Sus maravillados ojos descubrían los secretos luminosos con que la madre regalaba sus dones. Lograba oír a los pájaros subterráneos que volaban de un lugar a otro haciendo crujir sus nidos cuando pacha se acomodaba y desataba su oleaje tremendo; las terrosas olas furiosas de amor escupían espuma violenta, espuma amorosa mientras la niña viajera y amante latía de felicidad, chorreaba una deliciosa alegría.

El mundo de allí abajo también florecía en el movimiento adormilado de las raíces de los árboles en pleno crecimiento. Sentía la alegría en el repiqueteo baboso de las lombrices enamoradas o de algún otro insecto amenazado por el inminente invierno. Todo olía a vida y a madre pariendo maravillas. Ella, estirada, sorprendida, emocionada continuaba su viaje atraída por una invisible fuerza hacia el centro más oscuro de la tierra.

Su cara traspasaba ahora un cinturón de rocas de distintos tamaños, unas como peras de pascua, otras como membrillos afranelados flotando en el vientre que también la cobijaba a ella, ahora que pertenecía a este nuevo cuerpo.

Cuando comenzó a estabilizarse observó una maraña de raíces que formaban un inmenso nido. Al centro, acomodada como una reina, la anciana la esperaba tranquila. La vieja tenía el cuerpo retorcido y por todas partes le brotaban raíces y flores. Su piel estaba cubierta de un musgo fino y caminaban sobre ella más arañas y hormigas de las que había visto nunca.

Fue acercándose a la abuelita despacio para no asustarla, para que no creyera que andaba sin permiso. Cuando estuvo muy cerca se dio cuenta de que era ciega. La abuela ciega tejía sentada. Tejía con sus largos y deformes dedos. Tenía en sus manos flores, hongos silvestres y dos índices excesivamente largos con los que urdía los puntos de su tela. En su cara, lo más sobresaliente del cuadro, era la tiesa lengua que salía de su boca obligándola a dejar caer un gruesos hilo de baba que sus ágiles dedos comenzaban a utilizar para tejer esa extraña manta. Descubrió con sorpresa que todo lo que la rodeaba estaba hecho del tejido baboso de la anciana hilandera.
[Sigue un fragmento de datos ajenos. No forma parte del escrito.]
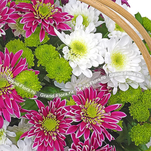 Волшебная корзинка с нежными хризантемами создаст романтичное настроение. Чудесная декоративная бабочка на ручке является стильным дополнением этого флористического шедевра. Сочетание белых, фиолетовых и зеленых оттенков делают корзинку отличным подарком к любому поводу — будь это признание в любви или знак внимания для дорогой мамы. Корзинка украсит интерьер и будет долго радовать вас своим изысканным видом.

El tejido de la anciana le cubría las piernas, se derramaba a su alrededor hasta que alcanzaba un rincón del trono. Por una escuálida rendija, entre una raíz y una roca, el sol goteaba. La pequeña puso su mano para que una gota de luminoso calor le abrigara el cuerpo. La anciana estiró un cucharón de madera con el que revolvía sus aguas para las hierbas y alcanzó el fino chorro de luz. En piedras oscuras vertió el preciado líquido y al momento las rocas se tornaron rojizas. Sobre ellas extendió su tejido y comenzó a formarse más y más tierra fértil. La vieja reanudó su trabajo silencioso junto al manantial dorado.

De pronto sintió como si la jalaran por la espalda. Todo su viaje fue en reversa. No alcanzó a despedirse de la anciana, ni de las lombrices, ni tampoco de los pájaros que la habían encantado. Sobre el jardín estaba recostada, con la oreja pegada a la tierra y su incansable y flacuchento perro lamiéndole la cara.